まちゃつのブログです。はてなダイアリーから引っ越してきました。

踏み車

水車は、水流を羽に受け精米・製粉・発電などを行う。本日話題の踏み車も、水辺に設けられ回転するところまでは同じ。異なるのは、人が回転体を踏んで、ひしゃくに似た羽根によって灌漑を行う点にある。つまり、渇水期など水位が低下した水源からでも田へ揚水できる優れものである。ポンプのなかった時代、価格は一両を下らなかったらしい。星形を使って形状を説明。星形(★)には頂点が5つあるが、踏み車の頂点は14(大型だと18、大人2人で踏んだという)。水辺にはラグビーゴールのようなH型の棒が立ててあり、踏み手はそれに掴まって羽根を踏む。ひと羽根で7.2〜9リットルを揚水。水を汲み上げる部分(踏み車の軸から下ろした垂線と軸から水平方向に伸ばした線とで出来る1/4円)には鞘箱(さやばこ)と呼ばれる外板が取り付けられれている。それ以外は、スケルトン構造。分解して持ち運びが出来る。昭和34年頃の熊本県A市では、ありふれた農具。通学途中で見かけると踏んでみたくて仕方なかった。一度も経験させてもらえなかったが、子どもには無理。ベアリングなど使われているはずもないから、小型でも自重プラス30キロくらいは重みがかかったはずである。たとえ小学1年生が踏んでもぴくりともしなかったであろう。寛文年間(1661年〜1672年)に大阪の京屋七兵衛、清兵衛により発明される。1760年頃、この踏み車に改良を加え、同じ大きさでもより高い場所へ揚水出来るようにした人物がいる。筑後の人、猪口万右衛門である。

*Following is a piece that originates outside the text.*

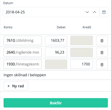 När samtliga konton är tillagda och det balanserar mellan debet och kredit kan du bokföra. Vill du lägga till ytterligare bokföringskonton så klickar du på Ny rad.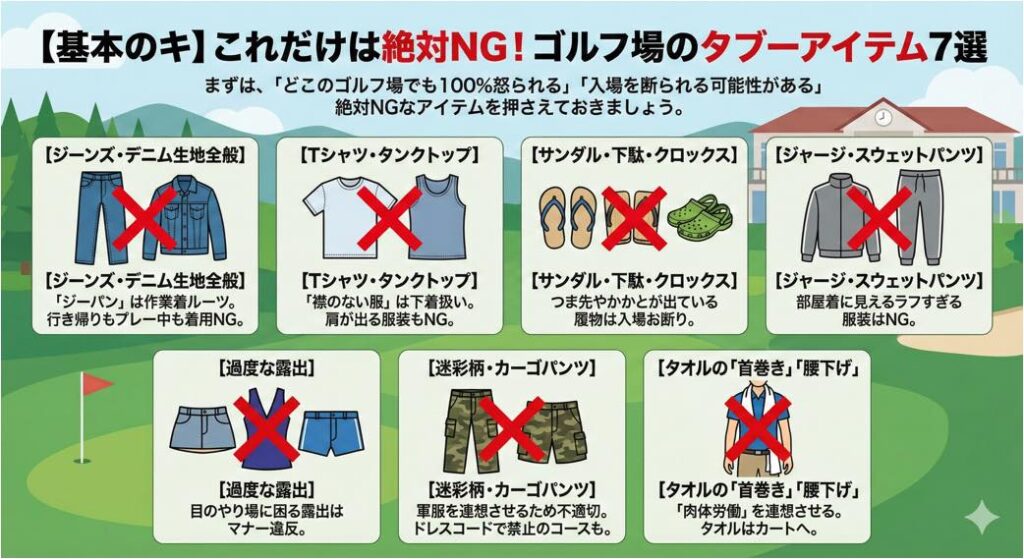 - 事前準備: 必ずそのゴルフ場の公式サイトにある「ドレスコード」のページを確認してください。写真付きでNG例が載っています。

猪口製の踏み車には、羽根の底板に回転方向とは逆に傾斜がつけられている。言い換えれば、手のひらを上にして地面と平行に差し出し、手首から先を下げた状態である。佐賀市HPによれば、瞬く間に猪口製が全国に普及。1772年〜1779年のことという。その後、猪口製は海を渡り竜骨車を駆逐し、半島でも大陸でも用いられる。シルクロードを逆流した製品は、近現代の工業製品だけではない。日本人は、近世に置いても創意工夫を行っていたのである! ところで、猪口T男さん、お元気?


それでは、本日のシャッフルクイズ。


『幸、行くか(サチイクカ)』


今度会ったら、答えを言ってね。
ヒント:勝つこと。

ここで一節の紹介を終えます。